Imran Rashid updated SPARK-24309:
-
Target Version/s: 2.3.1

> AsyncEventQueue should handle an interrupt from a Listener
> --
>
> Key: SPARK-24309
> URL: https://issues.apache.org/jira/browse/SPARK-24309
> Project: Spark
>  Issue Type: Bug
>  Components: Scheduler, Spark Core
>Affects Versions: 2.3.0
>Reporter: Imran Rashid
>Priority: Blocker
>
> AsyncEventQueue does not properly handle an interrupt from a Listener -- the 
> spark app won't even stop!
> I observed this on an actual workload as the EventLoggingListener can 
> generate an interrupt from the underlying hdfs calls:
> {noformat}
> 18/05/16 17:46:36 WARN hdfs.DFSClient: Error transferring data from 
> DatanodeInfoWithStorage[10.17.206.36:20002,DS-3adac910-5d0a-418b-b0f7-6332b35bf6a1,DISK]
>  to 
> DatanodeInfoWithStorage[10.17.206.42:20002,DS-2e7ed0aa-0e68-441e-b5b2-96ad4a9ce7a5,DISK]:
>  10 millis timeout while waiting for channel to be ready for read. ch : 
> java.nio.channels.SocketChannel[connected local=/10.17.206.35:33950 
> remote=/10.17.206.36:20002]
> 18/05/16 17:46:36 WARN hdfs.DFSClient: DataStreamer Exception
> java.net.SocketTimeoutException: 10 millis timeout while waiting for 
> channel to be ready for read. ch : java.nio.channels.SocketChannel[connected 
> local=/10.17.206.35:33950 remote=/10.17.206.36:20002]
> at 
> org.apache.hadoop.net.SocketIOWithTimeout.doIO(SocketIOWithTimeout.java:164)
> at 
> org.apache.hadoop.net.SocketInputStream.read(SocketInputStream.java:161)
> at 
> org.apache.hadoop.net.SocketInputStream.read(SocketInputStream.java:131)
> at 
> org.apache.hadoop.net.SocketInputStream.read(SocketInputStream.java:118)

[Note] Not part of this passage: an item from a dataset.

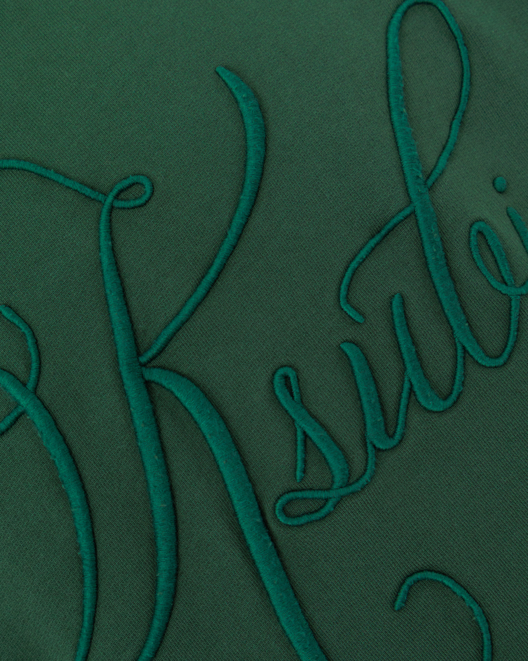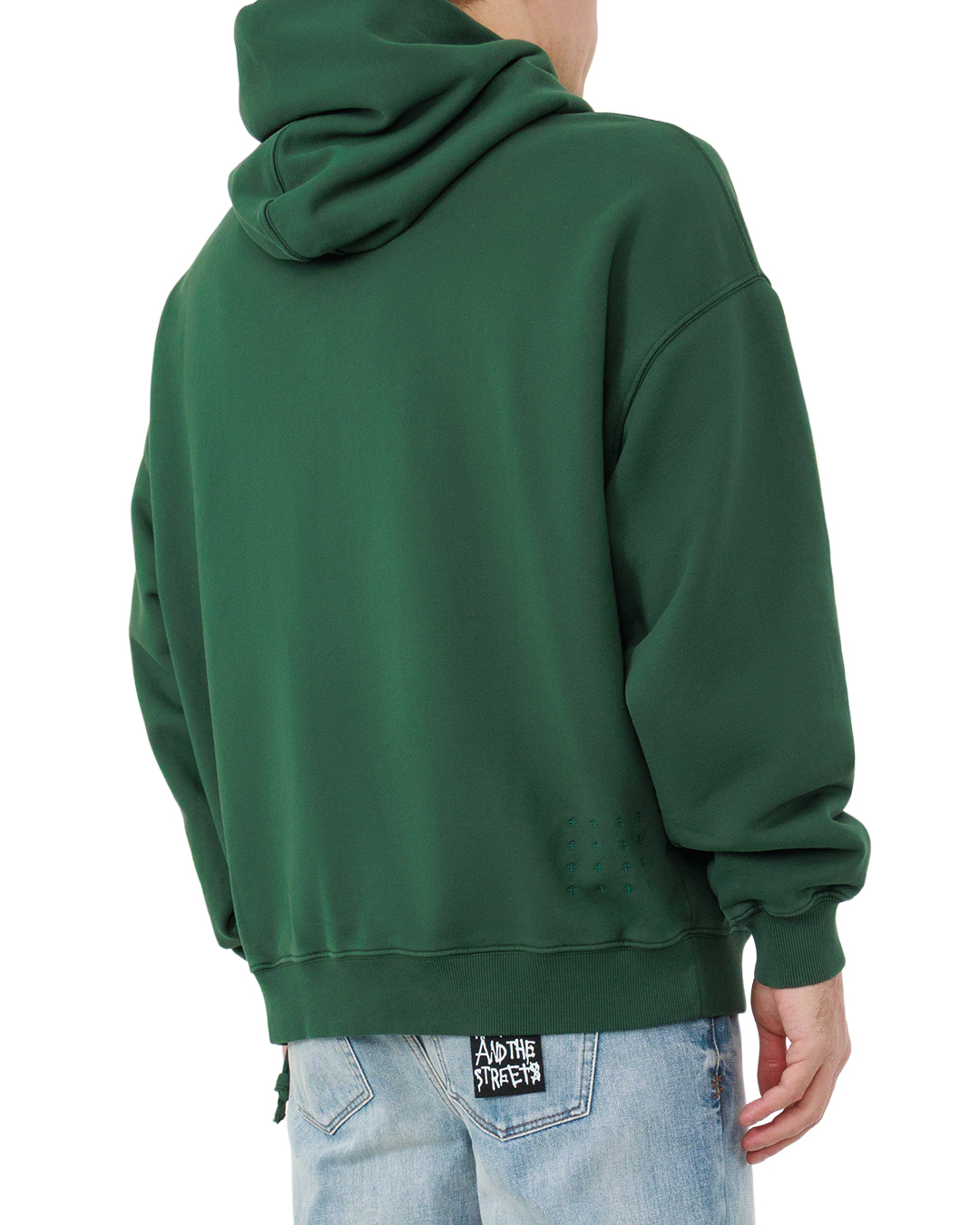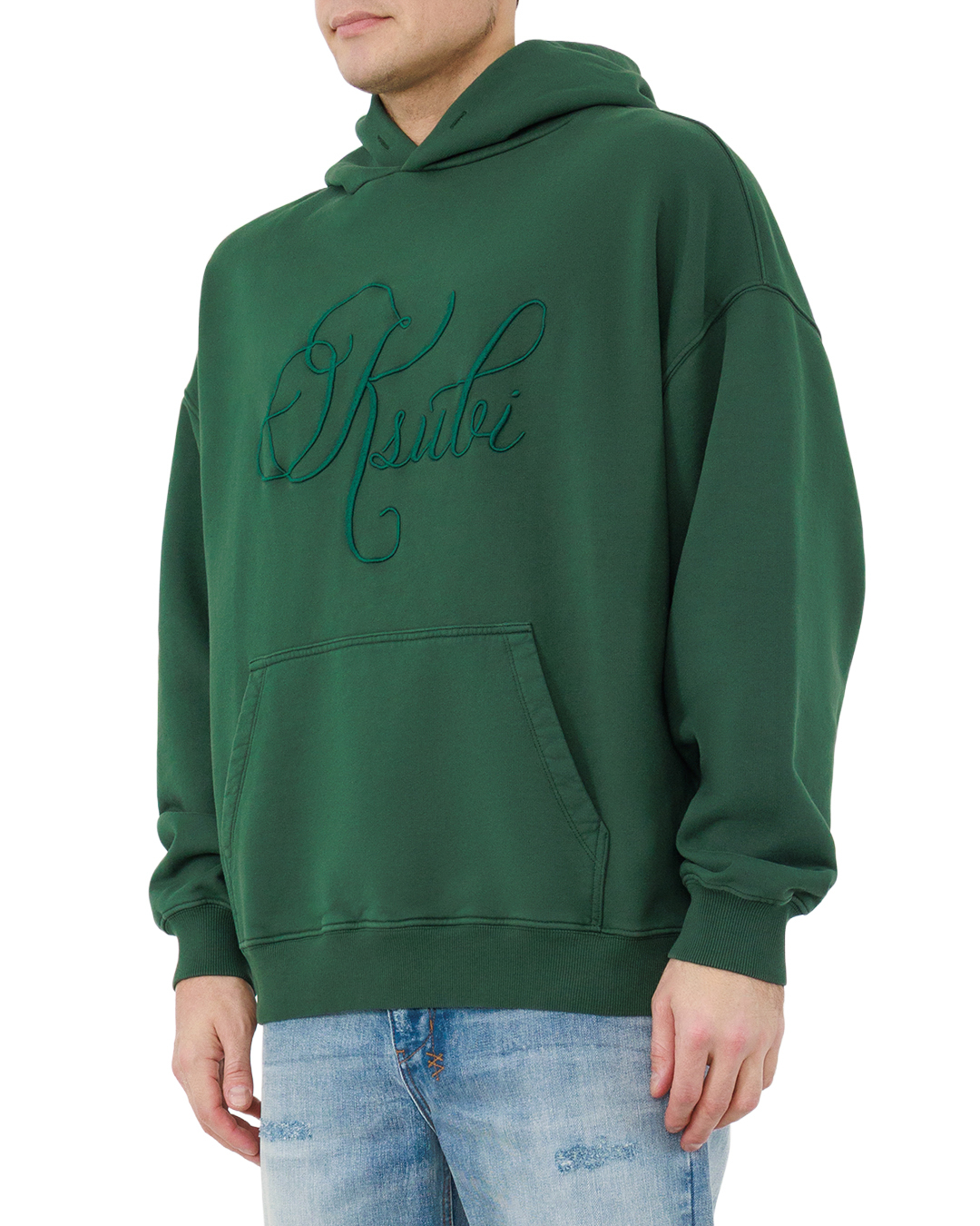 Это худи — воплощение утончённой лаконичности. Глубокий зелёный оттенок полотна создаёт насыщенный, но не кричащий фон, а изысканный каллиграфический акцент на груди придаёт вещи нотку аристократичности. Свободный, слегка оверсайз крой подчёркивает современность модели, формируя расслабленный, но чёткий силуэт. Объёмный капюшон с мягкими линиями добавляет уюта, а вместительный карман-кенгуру становится практичной деталью образа. Манжеты и пояс выполнены из эластичной резинки, обеспечивающей плотную посадку без скованности. Отделка швов безупречна: строчки ровные, подгибы аккуратные, без торчащих нитей. Такая вещь легко становится центром стильного ансамбля, сочетая в себе комфорт и элегантность.
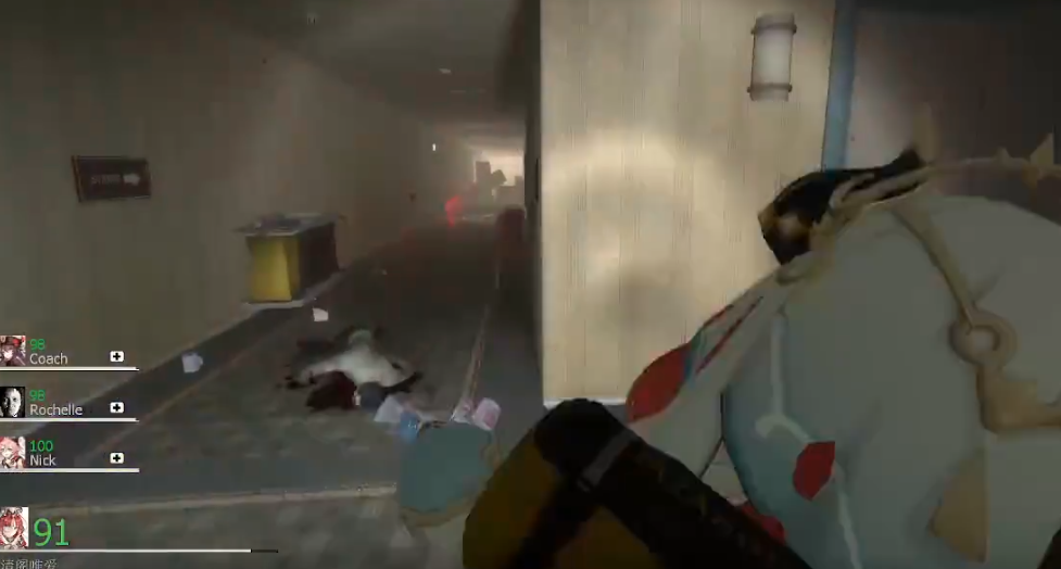 第一关起始于酒店高层,玩家需沿走廊向下移动,跟随疏散指示箭头前进。走廊两侧房间可能藏有补给或感染者,建议保持队形紧凑以减少被包围风险。途中会遭遇火焰阻挡区域,需从右侧房间破窗绕行。关键转折点是电梯触发点,进入电梯后按下开关会引发尸潮围攻,需在有限空间内防守直至电梯降落至底层。电梯下降过程中会因故障停驻,按E键强行开门后进入火场区域。

> at java.io.FilterInputStream.read(FilterInputStream.java:83)
> at java.io.FilterInputStream.read(FilterInputStream.java:83)
> at 
> org.apache.hadoop.hdfs.protocolPB.PBHelper.vintPrefixed(PBHelper.java:2305)
> at 
> org.apache.hadoop.hdfs.DFSOutputStream$DataStreamer$StreamerStreams.sendTransferBlock(DFSOutputStream.java:516)
> at 
> org.apache.hadoop.hdfs.DFSOutputStream$DataStreamer.transfer(DFSOutputStream.java:1450)
> at 
> org.apache.hadoop.hdfs.DFSOutputStream$DataStreamer.addDatanode2ExistingPipeline(DFSOutputStream.java:1408)
> at 
> org.apache.hadoop.hdfs.DFSOutputStream$DataStreamer.setupPipelineForAppendOrRecovery(DFSOutputStream.java:1559)
> at 
> org.apache.hadoop.hdfs.DFSOutputStream$DataStreamer.processDatanodeError(DFSOutputStream.java:1254)
> at 
> org.apache.hadoop.hdfs.DFSOutputStream$DataStreamer.run(DFSOutputStream.java:739)
> 18/05/16 17:46:36 ERROR scheduler.AsyncEventQueue: Listener 
> EventLoggingListener threw an exception
> [... a few more of these ...]
> 18/05/16 17:46:36 INFO scheduler.AsyncEventQueue: Stopping listener queue 
> eventLog.
> java.lang.InterruptedException
> at 
> java.util.concurrent.locks.AbstractQueuedSynchronizer.acquireInterruptibly(AbstractQueuedSynchronizer.java:1220)
> at 
> java.util.concurrent.locks.ReentrantLock.lockInterruptibly(ReentrantLock.java:335)
> at 
> java.util.concurrent.LinkedBlockingQueue.take(LinkedBlockingQueue.java:439)
> at 
> org.apache.spark.scheduler.AsyncEventQueue$$anonfun$org$apache$spark$scheduler$AsyncEventQueue$$dispatch$1.apply(AsyncEventQueue.scala:94)
> at scala.util.DynamicVariable.withValue(DynamicVariable.scala:58)
> at 
> org.apache.spark.scheduler.AsyncEventQueue.org$apache$spark$scheduler$AsyncEventQueue$$dispatch(AsyncEventQueue.scala:83)
> at 
> org.apache.spark.scheduler.AsyncEventQueue$$anon$1$$anonfun$run$1.apply$mcV$sp(AsyncEventQueue.scala:79)
> at 
> org.apache.spark.util.Utils$.tryOrStopSparkContext(Utils.scala:1319)
> at 
> org.apache.spark.scheduler.AsyncEventQueue$$anon$1.run(AsyncEventQueue.scala:78)
> {noformat}
> When this happens, the AsyncEventQueue will continue to pile up events in its 
> queue, though its no longer processing them.  And then in the call to stop, 
> it'll block on {{queue.put(POISON_PILL)}} forever, so the SparkContext won't 
> stop.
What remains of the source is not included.